Melbourne Recital Centre today announces the program for its new winter festival, Recentre, a collection of meditative experiences designed to revive your senses and enliven your body and soul.
Inspired by the instinct to retreat to our homes and regenerate over the cooler months, Recentre transforms Melbourne Recital Centre into a musical haven filled with reflective concerts, intimate performances and immersive sound installations over three days in June.
Melbourne Recital Centre's Director of Programming, Marshall McGuire says:
'This new festival in our 10th Anniversary year is an opportunity for us all to look
more deeply into the experience of music in our magical spaces, wrapping ourselves
in intimate surroundings, the quiet, the thoughtful and the sublime. There are
opportunities to have a one-on-one personal concert, to delight in the sounds of the
harp, and to welcome some of the world's leading artists to the Centre to warmly
embrace us all with their music.'
Throughout the weekend, festival-goers at Recentre can wander freely between immersive experiences held from morning to afternoon. A day might start with a horizon-widening Sound Bath, lead into a Toning & Chanting session next and flow into a quiet and sublime concert of J.S. Bach's immortal Cello Suites performed by Zoe Knighton (29 June).
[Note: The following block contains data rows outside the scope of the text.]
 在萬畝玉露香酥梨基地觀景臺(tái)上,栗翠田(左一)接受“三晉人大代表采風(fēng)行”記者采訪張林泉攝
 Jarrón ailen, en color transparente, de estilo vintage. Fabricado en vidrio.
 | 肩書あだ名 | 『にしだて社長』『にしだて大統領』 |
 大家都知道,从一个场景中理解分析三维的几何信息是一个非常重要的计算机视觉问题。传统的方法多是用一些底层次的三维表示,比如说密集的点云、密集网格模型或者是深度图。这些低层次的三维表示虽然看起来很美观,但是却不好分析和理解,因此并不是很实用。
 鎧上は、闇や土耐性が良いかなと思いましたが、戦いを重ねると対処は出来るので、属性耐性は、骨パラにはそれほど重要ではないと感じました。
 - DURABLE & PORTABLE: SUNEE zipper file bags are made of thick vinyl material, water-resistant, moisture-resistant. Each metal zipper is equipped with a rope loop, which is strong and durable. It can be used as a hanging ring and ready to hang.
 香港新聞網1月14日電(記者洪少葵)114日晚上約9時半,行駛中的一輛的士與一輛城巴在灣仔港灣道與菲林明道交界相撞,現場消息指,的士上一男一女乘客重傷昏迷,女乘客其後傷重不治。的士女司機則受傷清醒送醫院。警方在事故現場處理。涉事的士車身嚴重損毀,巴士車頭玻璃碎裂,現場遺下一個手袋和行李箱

Music and mindfulness experiences during the day evolve into concerts of pure listening pleasure at night. Opening the festival on Friday evening will be Germany's Hauschka (28 June), a prolific pianist and Oscar-nominated film composer whose music expresses the immortal bond that exists between music and nature. His evocative and reflective music presents an ideal vessel to explore our inner and outer worlds more deeply.
Fellow festival headliners are harpist Mary Lattimore and electronic artist Julianna Barwick (29 June), two U.S.-based luminaries who, in addition to their own performances, come together for a never-before-seen collaboration. Over the past decade, each artist has created her own inimitable universe of light with Julianna Barwick building evocative choral symphonies, layering her own voice on top of itself to stunning effect, and Mary Lattimore conjuring expressive beauty with her 47-string concert harp and synth effects.
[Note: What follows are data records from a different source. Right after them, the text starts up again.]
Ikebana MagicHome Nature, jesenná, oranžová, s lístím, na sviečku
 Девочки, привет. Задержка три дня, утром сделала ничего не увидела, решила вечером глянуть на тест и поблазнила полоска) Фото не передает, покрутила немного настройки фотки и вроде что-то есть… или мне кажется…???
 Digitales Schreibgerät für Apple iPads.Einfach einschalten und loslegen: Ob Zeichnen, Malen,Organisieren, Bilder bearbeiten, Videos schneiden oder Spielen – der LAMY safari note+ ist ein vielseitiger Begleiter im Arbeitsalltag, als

Lattimore and Barwick's performance forms part of a radiant double-bill with ambient chamber music composer Roger Eno (29 June). A natural multi-instrumentalist, Roger is fascinated by sound, stories and landscapes. His abundant curiosity flows through enveloping and otherworldly sound worlds that have resonated in both films and concert halls.
Escape the everyday this winter and explore a whole new way of listening at Recentre.
CONCERT DETAILS
Recentre
Friday 28 - Sunday 30 June
Day passes available from Monday 1 April with single tickets for both evening concerts on sale from 9am Monday 18 March.